Наконецъ, наступила и наша очередь, команды миноносца, покидавшей его послѣдней. Взявъ всѣ секретные документы, шифры, печати и иныя книги, я простился мысленно съ «Жаркимъ», на которомъ столько проплавалъ, и поплелся къ мостику. Высоко-высоко надо мной виднѣлась палуба «Кронштадта». Иногда набѣжавшая волна подкидывала насъ на полпути къ ней. Этимъ моментомъ надо было воспользоваться и ухватиться за штормъ-трапъ, послѣ чего миноносецъ опять летѣлъ внизъ, въ темную пучину, а человѣкъ оставался одинъ висѣть въ пространствѣ.
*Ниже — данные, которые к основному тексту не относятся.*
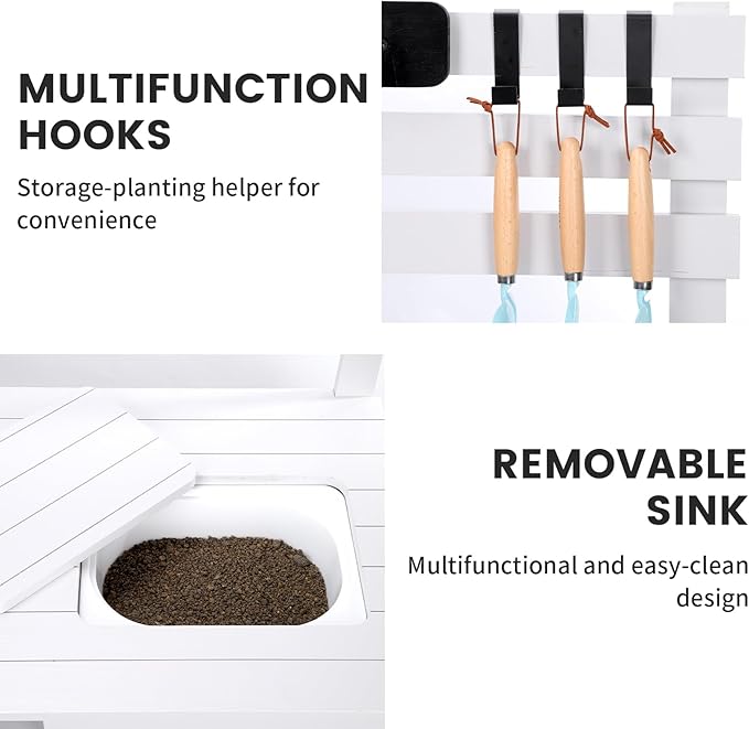 - EXTRA STORAGE SPACE: Our garden workbench offers a variety of storage space. There is a large shelf underneath that works well for storing soil bags. Hooks keep gardening tools close at hand and provide a space for gloves, and drawers keep you out of the wind and rain. Plants can be grown directly on it.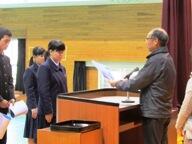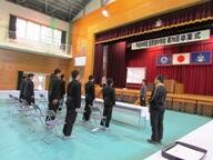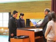 卒業式の予行練習の後、3年生の「全校児童生徒」と「皆勤賞」の表彰を行いました。「皆勤賞」は入学以来3年間、無欠席の生徒です。今年の「皆勤賞」は5名でした。

Потерявъ за послѣдніе дни много силъ, я осторожно поползъ вверхъ, придерживаясь одной рукой и стараясь не выронить свой цѣнный грузъ. Посмотрѣлъ вверхъ — конца нѣтъ пути, посмотрѣлъ внизъ — черная вода и на ней немилосердно выворачиваетъ маленькаго, скрывающагося въ волнахъ «Жаркаго». Стало жаль его, закружилась голова. Еще одно усиліе и осталось только перекинуться черезъ фальшбортъ «Кронштадта».

— Еще немного, тутъ свои, — раздался надо мной знакомый голосъ моего лицейскаго товарища Ш. и нѣсколько крѣпкихъ рукъ ухватились за меня.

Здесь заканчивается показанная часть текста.